According to Ostera and Dapeña (2003) the water is a chloride–sulfate–sodium type, with mean conductivity of 10.8 mS cm−1 (Peralta and Fuentes 2005). The high temperature and scarce rainfall produce salt flats in the shallowest areas of the lake.
There are several types of springs (bañados) around the lake (Fig. 1, sites 5–8). These are developed in depressions where groundwater emerges and forms large wetlands, commonly connected to the lake by small streams. Los Menucos rheocrene spring (site 5) is located in the northwest of the lake and has a mean water depth of 0.3 m. Carilauquen limnocrene spring (site 6) is located southwest of the lake; the water is predominantly sulfate calcic and has a mean conductivity of 0.959 mS cm−1 (Peralta and Fuentes 2005) and mean water depth of 0.2 m, though deeper areas reach 1.6 m (Ciocco and Scheibler 2008). The Carapacho helocrene spring (site 7) is the only warm spring in the area, located on the southwest side of the lake. The spring’s temperature is constant during the four seasons, around 19–20 °C; this is also the deepest wetland in the area, up to 4 m deep, although the mean water depth is 1 m and sampling was done close to the shore. La Porteña limnocrene spring (site 8) is in the southeast part of the lake, with a mean water depth of 0.5 m.
Lotic permanent environments
Río Malargüe (site 9) originates in the Cordillera de los Andes at 3000 m a.s.l. and receives input from numerous tributaries as it flows to Laguna Llancanelo, producing maximum discharge in spring and summer. Arroyo El Chacay (site 10) is a creek that originates in the Andes and flows eastward, joining the Río Malargüe close to the lake.

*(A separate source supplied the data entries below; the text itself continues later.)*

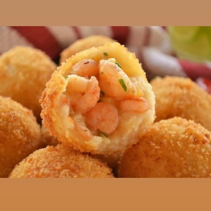 Irresistíveis croquetes recheados com camarões suculentos e um cremoso refogado de temperos frescos. Envoltos em uma casquinha dourada e crocante
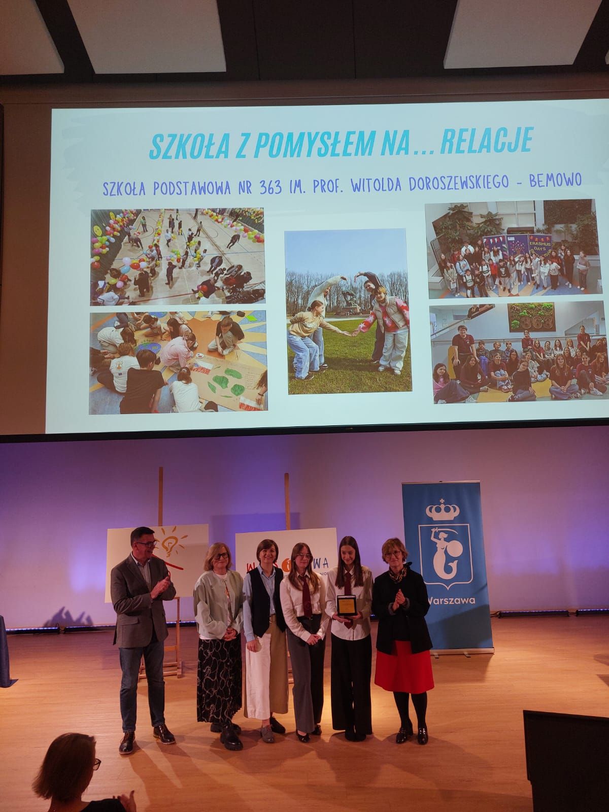 Nagrodę podczas uroczystej gali w Centrum Nauki Kopernik odebrała Pani Dyrektor wraz z Panią Wicedyrektor oraz przedstawicielkami Samorządu Uczniowskiego.
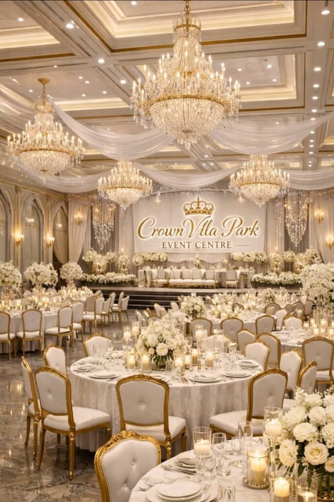 Step into our elegant indoor venues at Crown Villa Park. Bringing sophisticated design and functional excellence to intimate celebrations.
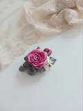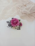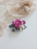 ワインカラーに染めた蕾とミニ薔薇に、小花とグレーベルベットリボンを結び、お洒落なコサージュに仕上げました。
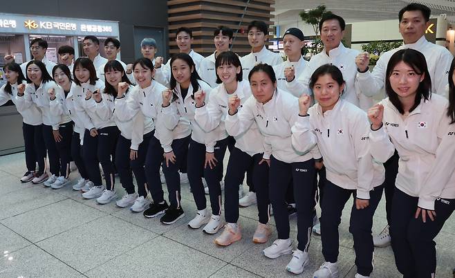 | ▲ 24일 인천국제공항 2터미널에서 배드민턴 국가대표팀 박주봉 감독과 선수들이 세계혼합단체선수권대회(수디르만컵) 출전을 위해 출국에 앞서 기념촬영을 하고 있다. |
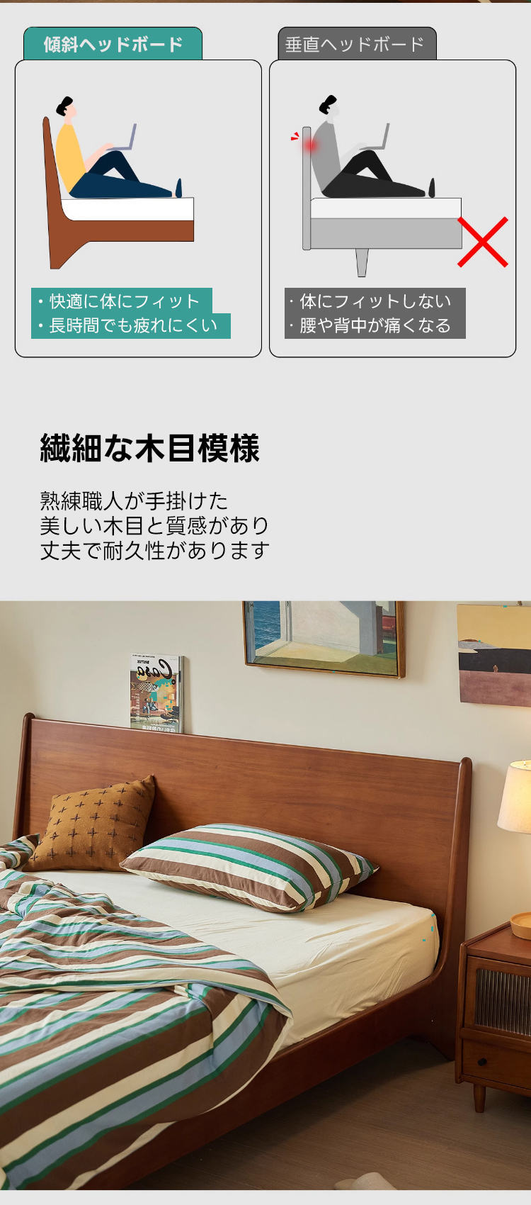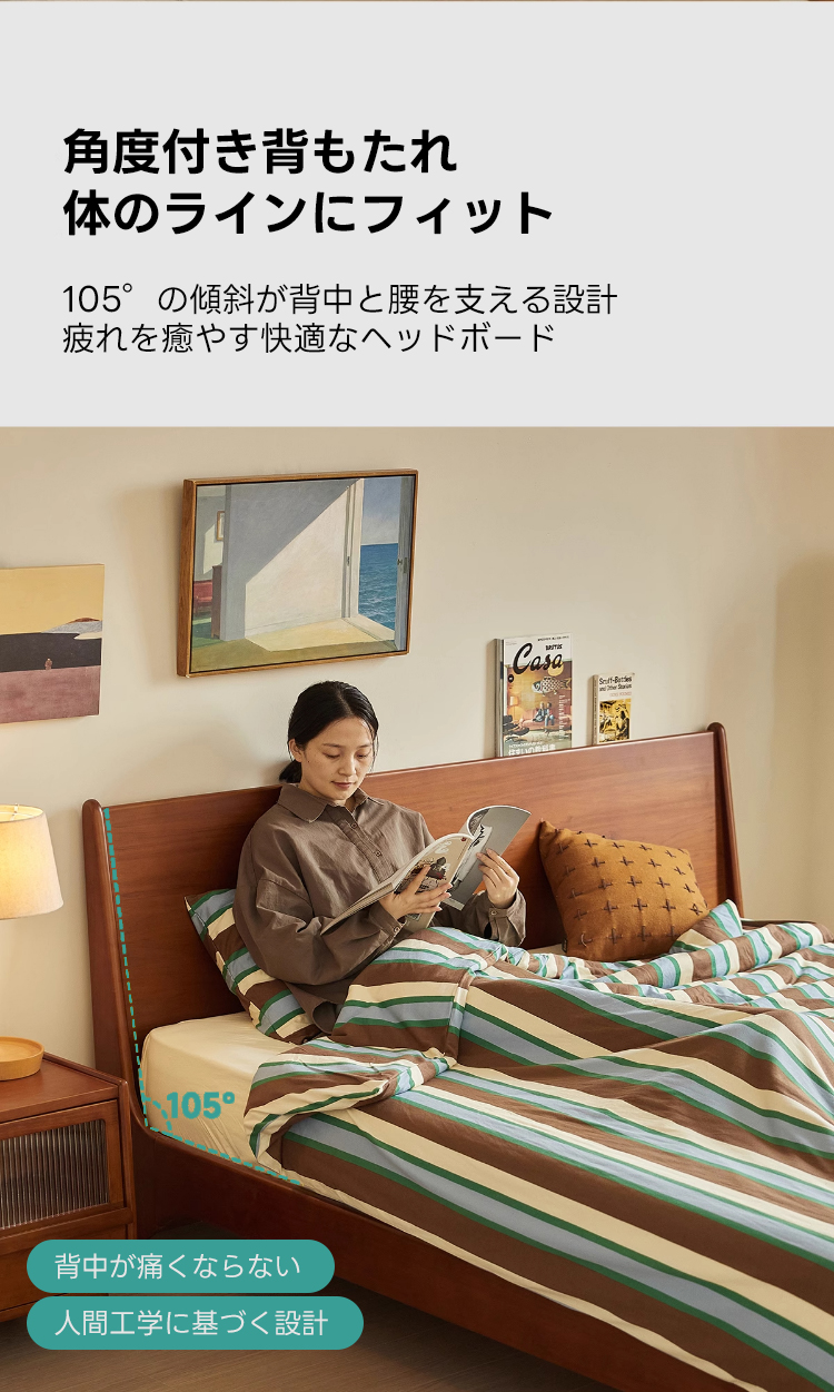 - 【高級感あふれるデザイン】木目が美しいツゲ材を使用し、熟練職人による手作業での多層塗装が施されています。105°の傾斜が背中と腰を支え、快適なヘッドボードを実現。ソフトなクッションが付属し、心地よく寄りかかれます。
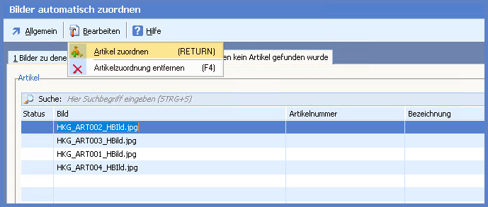 Wenn sehr viele Bilder den Artikeln zugeordnet werden müssen, kann eine automatische Zuordnung erfolgen. Voraussetzung dafür ist eine Abhängigkeit zwischen Datei und Artikel.
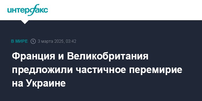 Москва. 3 марта. INTERFAX.RU - Франция и Великобритания выдвинули идею частичного перемирия между Россией и Украиной сроком на один месяц, которое не будет касаться наземных боевых действий, заявил французский президент Эммануэль Макрон.
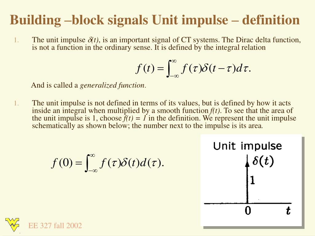 Building –block signals Unit impulse – definition • The unit impulse (t), is an important signal of CT systems. The Dirac delta function, is not a function in the ordinary sense. It is defined by the integral relation And is called a generalized function. • The unit impulse is not defined in terms of its values, but is defined by how it acts inside an integral when multiplied by a smooth function f(t). To see that the area of the unit impulse is 1, choose f(t) = 1 in the definition. We represent the unit impulse schematically as shown below; the number next to the impulse is its area. EE 327 fall 2002
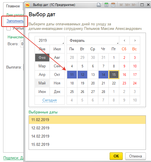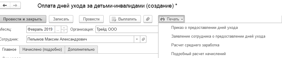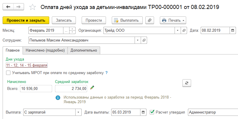 Сотруднику ООО "Трейд" Пелымову М.А. предоставлены четыре дня по уходу за детьми-инвалидами: 11, 12, 14 и 15 февраля. Из раздела "Зарплата/ Все начисления" создадим документ "Оплата дней по уходу за детьми-инвалидами".
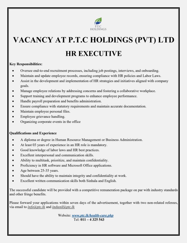 Apply now :- info@ptc.lk or indunil@ptc.lk
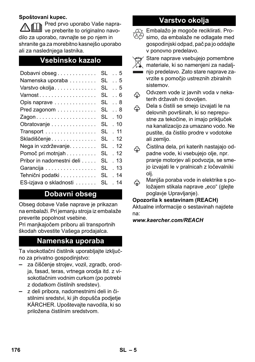 Dobavni obseg Obseg dobave Vaše naprave je prikazan na embalaži. Pri jemanju stroja iz embalaže preverite popolnost vsebine. Pri manjkajočem priboru ali transportnih škodah obvestite Vašega prodajalca. Varstvo okolja Embalažo je mogoče reciklirati. Prosimo, da embalaže ne odlagate med gospodinjski odpad, pač pa jo oddajte v ponovno predelavo. Stare naprave vsebujejo pomembne materiale, ki so namenjeni za nadaljnjo predelavo. Zato stare naprave zavrzite s pomočjo ustreznih zbiralnih sistemov. Odvzem vode iz javnih voda v nekaterih državah ni dovoljen. Dela s čistili se smejo izvajati le na delovnih površinah, ki so neprepustne za tekočine, in imajo priključek na kanalizacijo za umazano vodo. Ne pustite, da čistilo prodre v vodotoke ali zemljo. Čistilna dela, pri katerih nastajajo odpadne vode, ki vsebujejo olje, npr. pranje motorjev ali podvozja, se smejo izvajati le v pralnicah z ločevalniki olj. Manjša poraba vode in elektrike s položajem stikala naprave „eco“ (glejte poglavje Upravljanje). Opozorila k sestavinam (REACH) Aktualne informacije o sestavinah najdete na: www.kaercher.com/REACH Namenska uporaba Ta visokotlačni čistilnik uporabljajte izključno za privatno gospodinjstvo: – za čiščenje strojev, vozil, zgradb, orodja, fasad, teras, vrtnega orodja itd. z visokotlačnim vodnim curkom (po potrebi z dodatkom čistilnih sredstev). – z deli pribora, nadomestnimi deli in čistilnimi sredstvi, ki jih dopušča podjetje KÄRCHER. Upoštevajte navodila, ki so priložena čistilnim sredstvom.
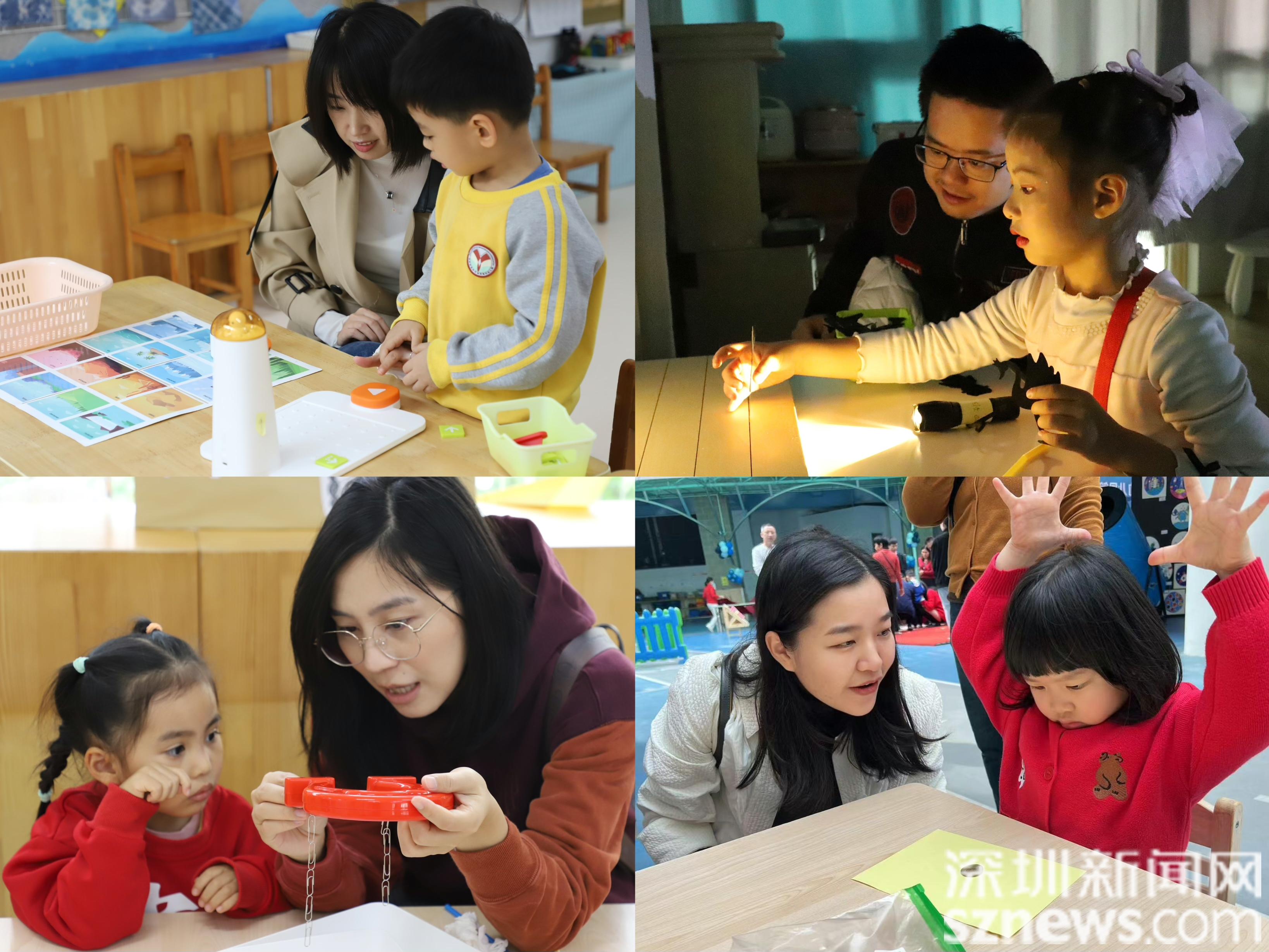 开幕式后,本届科技节迎来“含科量”十足的科技游园互动环节。为了亲近科学,走近科学,进一步体验科学的神奇和奥秘,幼儿园特别邀请到幼儿家长参与其中,由家长带领孩子们自由畅玩,乐享科技。“科技观影、益智挑战、科学制作”三大主题活动贯穿科技游园的始终,鼓励孩子们用眼看、动手做、用心感受。园内和每个班级都精心设置了不同的主题益智挑战和科学小实验,妙趣横生,让不同年龄的孩子能够突破班级限制,走班串班去发现自己最感兴趣的科学活动从而参与其中,激发了热爱科学、热爱探究、热爱创造的精神。家长们在参加完活动后,纷纷表示意犹未尽,收获满满,并点赞学校组织的本次活动非常有意义,在宝贝心里埋下了探索研究的种子。
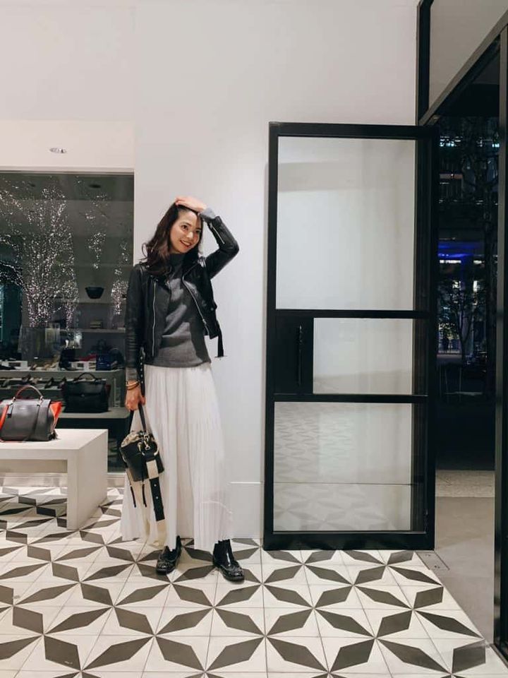 小雨もぱらつく中、丸の内で開かれたアパレルのイベントにやって来た佐藤さん。華やかな会場でも佐藤さんらしいカッコいいモノトーンコーデで注目を集めていました。「室内のイベントなので、アウターを脱がなくてもいいコーディネートを考えました」ニットに重ねると結構暖かいのでこの季節はライダースが便利ですよね! フレアスカートと合わせて、女らしさも高まった大人の甘辛ミックススタイルに仕上がっています。
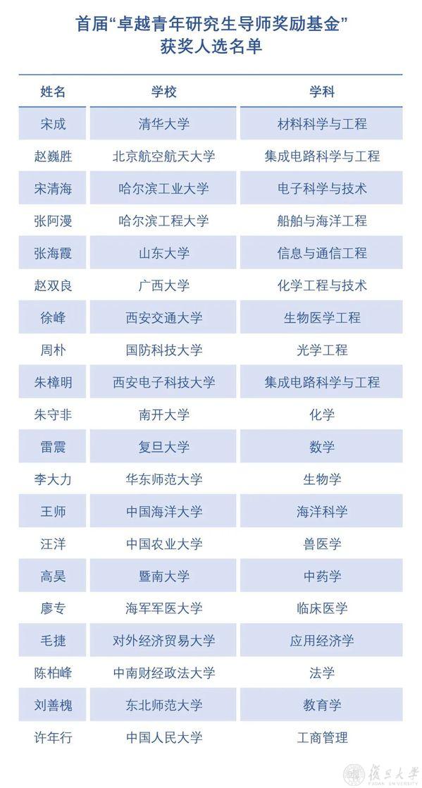 首届“卓越青年研究生导师奖励基金”获奖者都有谁?名单来了!
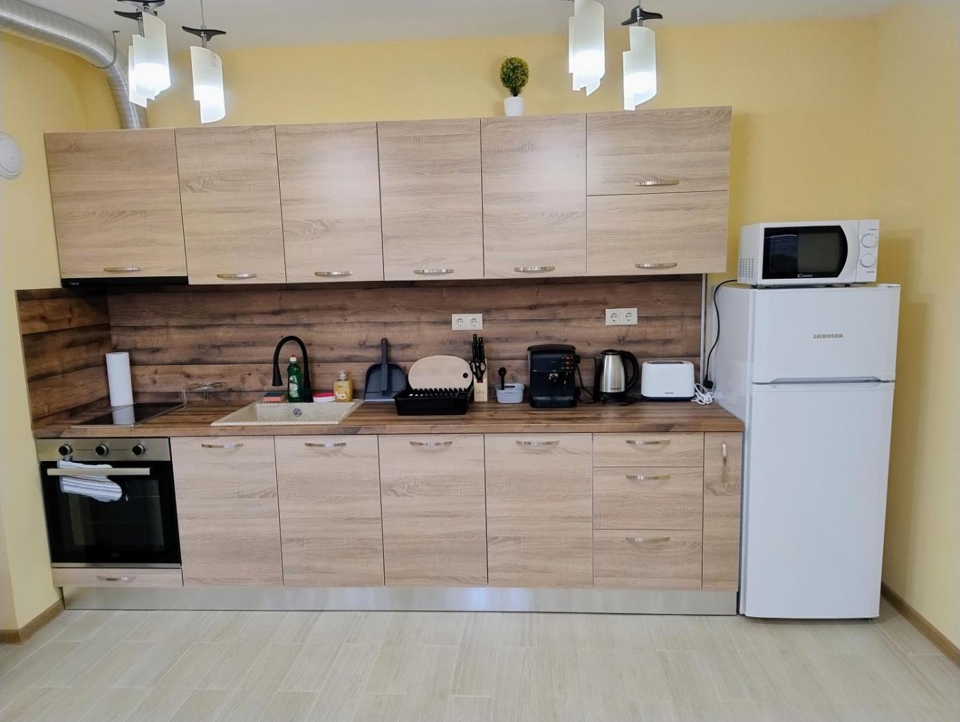 Делукс студио Север. In the fully equipped kitchenette, guests will find a stovetop, a refrigerator, kitchenware and an oven. The spacious studio offers air conditioning, a tea and coffee maker, a terrace with ancourtyard view as well as a private bathroom boasting a shower. The unit has 3 beds.
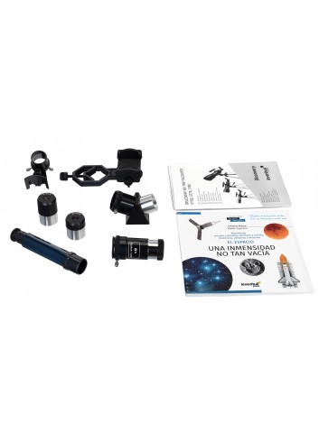 El telescopio Discovery Sky Trip ST70, que viene acompañado de un libro, es un refractor extra-compacto que es perfecto para iniciarse en la exploración del espacio exterior. Con el libro educativo «Space. Non-Empty Emptiness» (El espacio, una inmensidad no tan vacía), el astrónomo principiante podrá aprender información fascinante sobre la observación de las estrellas y poner en práctica ese conocimiento de inmediato. Puede utilizar el telescopio para estudiar la Luna y los planetas, y también utilizarlo como un potente catalejo para observar paisajes terrestres. Incluso serán visibles los objetos brillantes del cielo profundo.
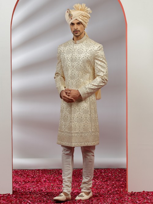 Wedding demands classic and stylish outfits for your special day. Elevate your look with a hand-picked collection of traditional attires featuring a premium raw silk cream groom wear sherwani. Adorned with embroidered, sequins, resham, beads, and zardosi work all-over. Featuring a stand collar, full button placket, full sleeves, and straight vented hem. Bottom included.
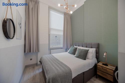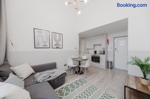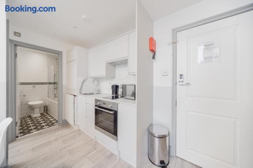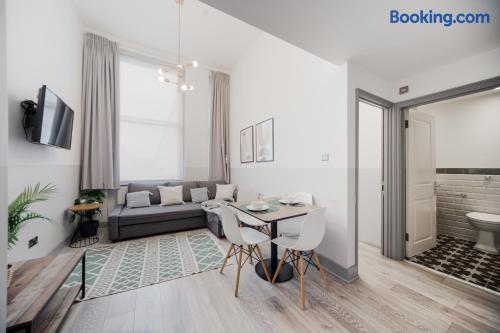 Experience a comfortable and stylish London stay in our charming 28-square-meter apartment. Large windows flood the space with natural light, creating a bright and inviting ambiance. The apartment is thoughtfully designed for comfort and convenience. **Living & Dining Area:** * Comfortable sofa that converts into a double bed for additional guests. * Wall-mounted flat-screen TV for entertainment. * Dining table with seating for four. * Dedicated workspace perfect for remote work or planning your day. **Kitchen:** * Sleek, open-plan design with modern stainless steel appliances. * Fully equipped with an oven, microwave, hob, and fridge-freezer. * Nespresso coffee maker for your morning coffee. * Convenient in-unit washer and dryer. **Bedroom:** * Cozy double bed (135 x 190cm) with fresh, high-quality linens. * Spacious wardrobe to store your belongings. * Bedside lamps for relaxing evening reading. **Bathroom:** * Clean and modern design. * Full bathtub and shower combination. * Plush towels and quality toiletries are provided for your stay.
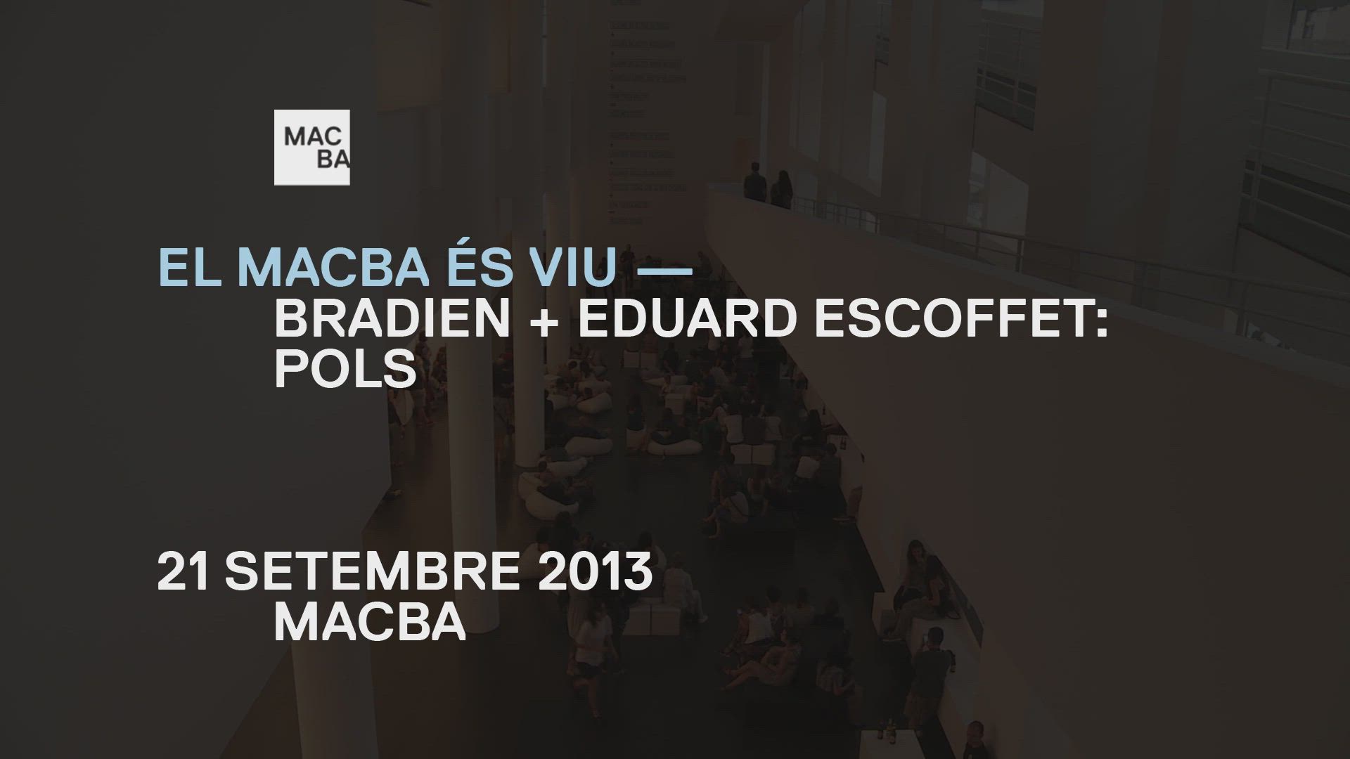 Enregistrament audiovisual realitzat amb motiu de l’activitat MACBA es viu: "Bradien + Eduard Escoffet: Pols" celebrada al Museu d'Art Contemporani de Barcelona (MACBA), el 21 de setembre de 2013.

Lotic temporary environments
Arroyo El Alamo (site 11) is a tributary of Arroyo El Chacay and was dry during the sampling period. Accordingly, there are no data from this site. Arroyo El Mocho (site 12) originates in the Andes, and is a second-order tributary of the Río Malargüe, joining it in the lower section of its course. This creek displayed highly variable inter-season flow during sampling, holding much water during autumn and winter, but being almost dry in summer. The Río Malargüe delta (sites 13–17) forms where this river joins the lake in its northwest corner, after receiving water from Arroyos El Chacay and El Mocho. The delta is developed in a lowland area known as “Bajo Llancanelo” and holds water only temporarily because of marked seasonal fluctuations. Arroyo El Malo (site 18), which used to discharge into the northeast section of the lake, is now permanently dry, although it was an important watercourse in the past, its paleo-channel showing a connection to the Río Salado, which runs toward the north of the Llancanelo basin.
Materials and methods
Sampling procedures
Samples of ostracods and water were taken seasonally from 16 sites (September 2009–September 2010), and several physical and chemical variables of the waters were measured in situ at the same time. Ostracod samples were collected in shallow areas (about 20–40 cm deep) by washing aquatic plants (three times at each site to recover ostracod species that live close to macrophytes) and surrounding surface sediments (upper 3 cm) in a bucket, then rinsing the sediments in a 100-µm sieve. Samples were divided in two aliquots, one stored in 70% ethanol and the other air-dried.
In the field, a Horiba U-10 multimeter was used to measure pH, temperature, dissolved oxygen (DO) and conductivity. To calculate salinity, the conversion table from conductivity (envco) was used. Salinity classification used the ranges and terms proposed by Hammer et al. (1983).
Water samples were collected in bottles (500 ml) from the water surface, avoiding bubbling, after rinsing the bottles with water of the corresponding wetland. Once hermetically sealed, the bottles were stored in darkness and kept cold (4 °C). In the Geochemistry Laboratory, University of Wollongong, Australia, the water was filtered at 2.5 µm retention (Filtech 1803), and kept in bottles pre-washed with 10% HNO3 prior to chemical analysis using an Agilent 7500 ce Inductively Coupled Plasma Mass Spectrometer (ICP-MS). The interference-free isotopes 48Ca, 86Sr, 25Mg, 39K and 138Ba were analyzed.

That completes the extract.